RELATED: North Salt Lake landslide site shifts, but mayor says no lives, homes in danger

“It hasn’t happened every year,” Beukelman said.

Schultz said he initially didn’t want to take part in construction of the Thurgood home. Castle Creek typically builds only on level terrain.

After prodding from Bennett Thurgood, though, the company agreed to assist, according to Schultz. Thurgood had already bought the parcel on East Hampton Ridge, the street where the home is located and, as Schultz describes it, Castle Creek didn’t spearhead the project, which factors in its defense in the lawsuit.

He’s sympathetic to the Thurgoods’ plight. A home is typically the largest investment a family will make. But Schultz also thinks Thurgood is unfairly blaming Castle Creek.

Aside from Schultz’s company, numerous contractors and consultants had roles in building the retaining wall supporting the slope below the home and in testing the characteristics of the soil at the construction site, a central issue in Thurgood’s lawsuit. They deny wrongdoing, like Castle Creek, and what Thurgood sees as their unwillingness to accept accountability generates his ire.

“They’ve just been kind of pointing fingers at each other,” he said.
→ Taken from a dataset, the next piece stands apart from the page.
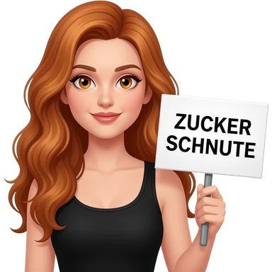sexy girl with long wavy ginger hair and ginger eyes wearing a black tanktop is holding a white colored sign with ZUCKERSCHNUTE written on it emoji

BENJAMIN ZACK/Standard-Examiner

Bennett Thurgood points out where the ground level used to be on the back of his Ogden home on Thursday Jan. 19, 2017. The hillside below Thurgood’s Shadow Valley home has been washing away for more than year. The costs to secure the house and rebuild the failed retaining wall far exceed the value of the home.

He remembers the day last spring, after a wet spell, when a big chunk of the support wall fell. The family was still living in the home and his two kids were outside playing, though they weren’t hurt.

“All of a sudden you could hear what sounded like an earthquake,” Thurgood said. Thereafter, his children remained leery about playing outside, “worried about the yard slipping off some more.”

It’s unclear what will become of the structure, full of cracks in walls and other imperfections as the slope outside erodes.

Thus far, Thurgood, a salesman for a company that makes water distribution systems for contractors and others, figures he’s sunk $1 million into the structure, factoring its construction and, now, legal costs. It would cost more than what it’s worth to repair the retaining wall and secure the structure, he reckons, and these days his focus seems to be elsewhere.

“I would just like compensation, anything to get my life back. It’s just been an exhausting process,” he said.